> [Instructions to follow]: A verbatim copy of all the data is required; the pictures should not appear in it.

Entries taken from a collection
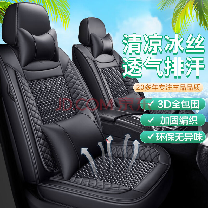 紫风铃冰丝汽车座套夏季全包围汽车坐垫座垫四季通用迈腾朗逸探岳速腾 【3D全包围】神秘黑-豪华版 五座通用
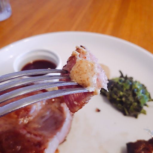 ポークステーキと同じお皿に、スピナッチのソテーとマッシュポテトも添えられてますが、そちらも美味しい✨もう少し量が乗ってたら、星1つ増やして5つにしてました笑
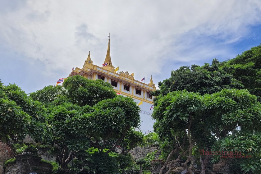 A lépcsőkön haladva lassan magad mögött hagyod Bangkok nyüzsgését. A forgalom zaja tompul, a levegő frissebbé válik, és a templomi harangok finom csengése tölti be a teret. A kapaszkodó mentén kis arany Buddha-szobrok és spirituális díszítések kísérnek, amelyek már az út során meditatív hangulatot teremtenek. Ez az emelkedés nemcsak fizikai, hanem lelki utazás is: lépésről lépésre érzed, ahogy a város lüktetése helyét átveszi a csend és a nyugalom.
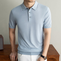 高端冰桑蚕丝体恤衫冰丝polo衫男2024夏季商务翻领短袖t恤夏季男士短袖t恤桑蚕丝polo衫翻领半袖冰丝纯色休闲真丝
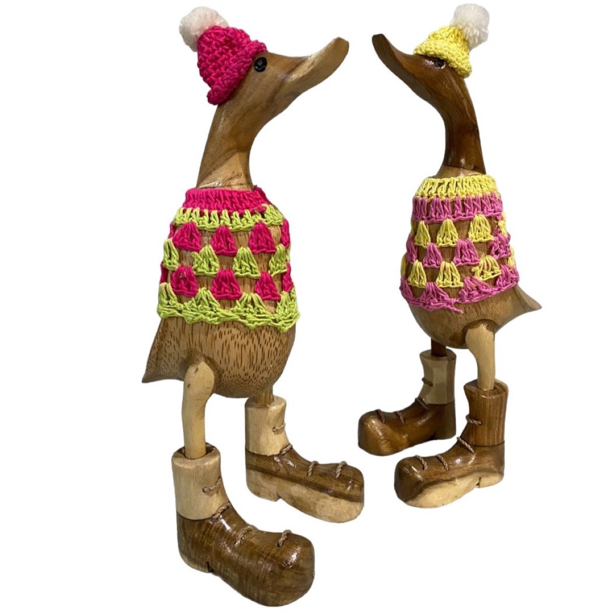 Bamboo root duck with crochet clothing
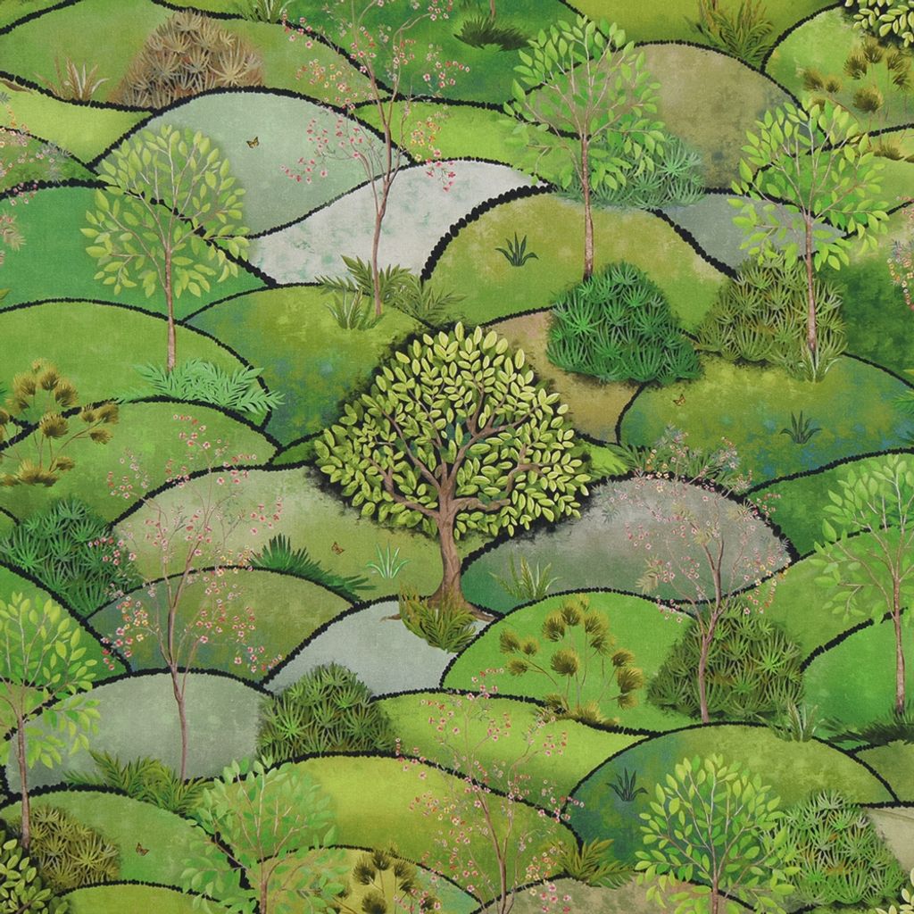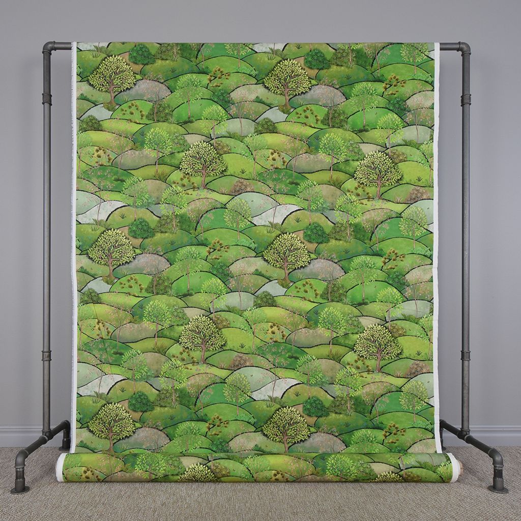Tyg på metervara för gardiner och inredning med kullar och vackra träd

> [Result of this task]:
 紫风铃冰丝汽车座套夏季全包围汽车坐垫座垫四季通用迈腾朗逸探岳速腾 【3D全包围】神秘黑-豪华版 五座通用
 ポークステーキと同じお皿に、スピナッチのソテーとマッシュポテトも添えられてますが、そちらも美味しい✨もう少し量が乗ってたら、星1つ増やして5つにしてました笑
 A lépcsőkön haladva lassan magad mögött hagyod Bangkok nyüzsgését. A forgalom zaja tompul, a levegő frissebbé válik, és a templomi harangok finom csengése tölti be a teret. A kapaszkodó mentén kis arany Buddha-szobrok és spirituális díszítések kísérnek, amelyek már az út során meditatív hangulatot teremtenek. Ez az emelkedés nemcsak fizikai, hanem lelki utazás is: lépésről lépésre érzed, ahogy a város lüktetése helyét átveszi a csend és a nyugalom.
 高端冰桑蚕丝体恤衫冰丝polo衫男2024夏季商务翻领短袖t恤夏季男士短袖t恤桑蚕丝polo衫翻领半袖冰丝纯色休闲真丝
 Bamboo root duck with crochet clothing
Tyg på metervara för gardiner och inredning med kullar och vackra träd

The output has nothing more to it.